How to beat the odds

By Lisa Vaas
01 February 2001 10:29 AM
Tags: jobs, career, women, gender

No gender-tinted glasses

So, with the IT industry and e-business in particular desperate for skills, has gender, at long last, become a nonissue?

After all, the IT industry is famished and simply desperate for skills; it certainly isn't pausing to consider gender in such a skills crunch, is it? Indeed, David Florea, a systems administrator at The Private Consulting Group, summed it up this way in a reply to eWEEK's call for nominees for these articles: "What [does gender] have to do with information technology?" Florea wrote. "If you don't want people making judgments on the basis of (fill in the category here) ... quit TALKING about it!! You, like us out here in the trenches, should be in search of EXCELLENCE, and that alone."

However, statistics show it's not that simple.

According to the AAUW, women currently make up only 20 percent of IT pros. In addition, recent Bureau of Labor statistics show that fewer than 33 percent of participants in high school computer courses are girls.

Finally, statistics show that women's salaries in science and engineering were still lagging behind men's as of two years ago, according to a report titled "Women, Minorities, and Persons with Disabilities in Science and Engineering," from the National Science Foundation. The study did not consider the question of equal pay for equal work but dealt only with raw pay levels, regardless of job title.

Perhaps Segue's Roberts best summed up the rationale for looking at excellence through gender-tinted glasses with this simple sentence: "It's an issue because it's an issue."

It's an issue even in e-business-which is lauded for being a wide-open frontier where opportunity awaits all and depends only on expertise, blind to race or gender, Roberts said-often because of lifestyle problems. The lack of flex time to accommodate people with children, for example, falls heaviest on women, the traditional primary caregivers.

"I've heard management conversations, even recently, bemoaning the fact that some have to leave work early to pick up their kids from day care," she said. "You'd think by now that someone would wake up and say, 'We need to support families. We need flexible arrangements so people can stay in their jobs and be responsible parents.'"

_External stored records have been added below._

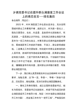 乡镇党委书记在提升群众满意度工作会议上的表态发言---排名靠后各位领导,同志们:2021年,XXX满意度工作位居全县末位,充分说明我镇对群众工作重视不够,差距过大,作为第一责任人,我负主要责任,在此,向县委、县政府作出深刻检讨。究其原因,一是思想认识不到位。没有真正把群众满意不满意作为一切工作的出发点,对事关群众切身利益的困难帮扶、看病就医等工作抓的不细致、不深入,群众获得感较低。二是重点工作仍需加强,特别是针对群众反映强烈的人居环境、路域环境等基础设施薄弱问题,距离群众期盼还有较大差距。三是干部作风不够扎实。个别镇村干部在群众工作中过于粗放,甚至极个别干部依然存在优亲厚友、慵懒散漫等作风问题...
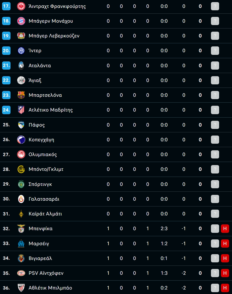 Η βαθμολογία της League Phase του Champions League έπειτα από τα παιχνίδια της Τρίτης
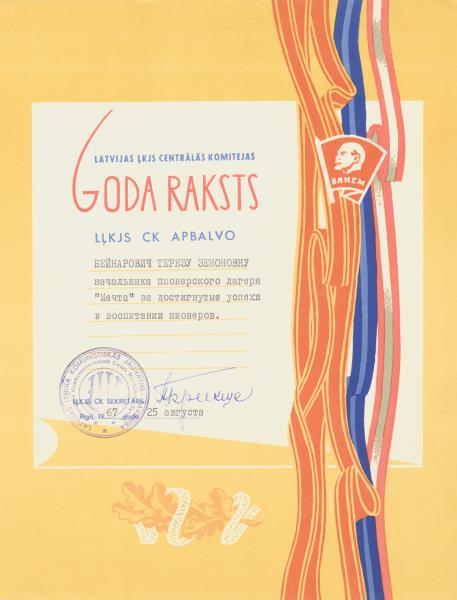 Latvijas ĻKJS Centrālās Komitejas goda raksts pionieru nometnes “Sapnis” vadītājai Terēzei Beinarovičai. 1967. gada 25. augustā. LĻKJS CK sekretāra paraksts, zīmogs latviešu un krievu valodā: Latvijas Ļeņina Komunistiskās jaunatnes savienība.
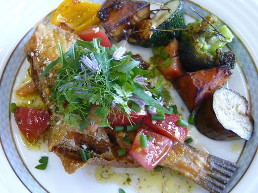 ・魚料理: 魚のポワレと野菜のショートパスタ添え
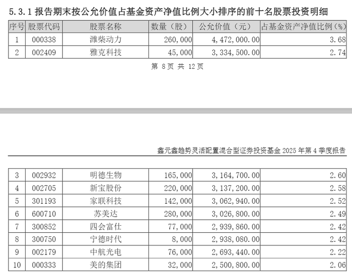 从2025年四季度末持仓来看,该基金行业配置分散,持股集中度较低。2026年以来,其重仓股如潍柴动力、雅克科技等表现突出,或为基金净值增长做出了重要贡献。
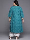 Varanga Women Plus Size Turqoise Blue Bandhani Print Gotta Embellished Straight Kurta With Three Quarter Sleeves Pl24 Vkur1103

Still, the women interviewed for this package told eWEEK reporters that gender had nothing to do with their own career advancement, and that e-business startups have overwhelmingly women-friendly environments.

However, they agreed that, in general, life in high tech still isn't equally rosy for both men and women.

"There's been a shift," noted Liz Olig, president of TotalMRO.com, an Internet startup within 73-year-old W.W. Grainger, a business-to-business equipment distributor. "Companies are focused on people who can deliver. If those people happen to be women, corporations aren't afraid to put them in [senior] positions. ... But it's naive to say there aren't areas within business that gender doesn't come into play."

But, inevitably, the cream rises to the top. Phil Doersam, a technical support analyst at Travelscape.com, in Las Vegas, said Travelscape CTO Decker has the leadership and technical expertise to make her an e-business star.

For example, not only has Decker recently guided Travelscape.com through an acquisition by Expedia, she's now overseeing the merging of the two companies' technologies, plus she's heading up the push to implement cutting-edge technology such as voice over IP.

"I've been in IT for 23 years," Doersam said. "I've had to work for a lot of people and companies, and [Decker] just stands out in my mind as an outstanding leader of IT people. The fact that she's a woman is even better, in my mind, [because] in general, women have been overlooked ... in the past."